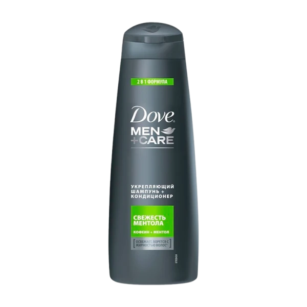 Укрепляющий шампунь-кондиционер Dove Men+Care Свежесть Ментола специально разработан для волос, склонных к жирности, для того, чтобы придать им здоровый вид, естественный блеск и свежесть. Шампунь-кондиционер Dove Men+Care содержит кофеин и ментол для ощущения свежести кожи головы надолго. Он укрепляет волосы, наполняет их энергией и борется с излишней жирностью.
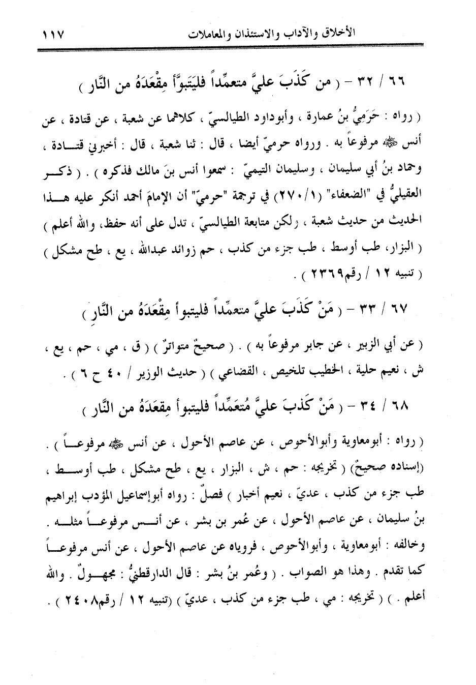 68/ 34 - (مَنْ كَذبَ عليَّ مُتعَمِّدًا فليتبوأ مِقعَدَهُ من النَّار).
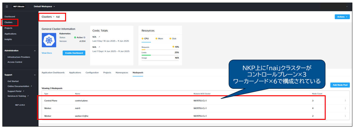 まず、NAIのインストール用にNKPの管理コンソールにて、ワーカーノードをNAIのモデルの実行に十分なリソースで用意します。下記の例では「nai」という名前のクラスターを、vCPU 8、RAM 32GiB、Disk 80GiB の構成のコントロールプレーン3台とワーカーノード6台で展開しています。

Prompt: Would you output the full listing exactly as it stands, minus the images?

Output of the task:
 Укрепляющий шампунь-кондиционер Dove Men+Care Свежесть Ментола специально разработан для волос, склонных к жирности, для того, чтобы придать им здоровый вид, естественный блеск и свежесть. Шампунь-кондиционер Dove Men+Care содержит кофеин и ментол для ощущения свежести кожи головы надолго. Он укрепляет волосы, наполняет их энергией и борется с излишней жирностью.
 68/ 34 - (مَنْ كَذبَ عليَّ مُتعَمِّدًا فليتبوأ مِقعَدَهُ من النَّار).
 まず、NAIのインストール用にNKPの管理コンソールにて、ワーカーノードをNAIのモデルの実行に十分なリソースで用意します。下記の例では「nai」という名前のクラスターを、vCPU 8、RAM 32GiB、Disk 80GiB の構成のコントロールプレーン3台とワーカーノード6台で展開しています。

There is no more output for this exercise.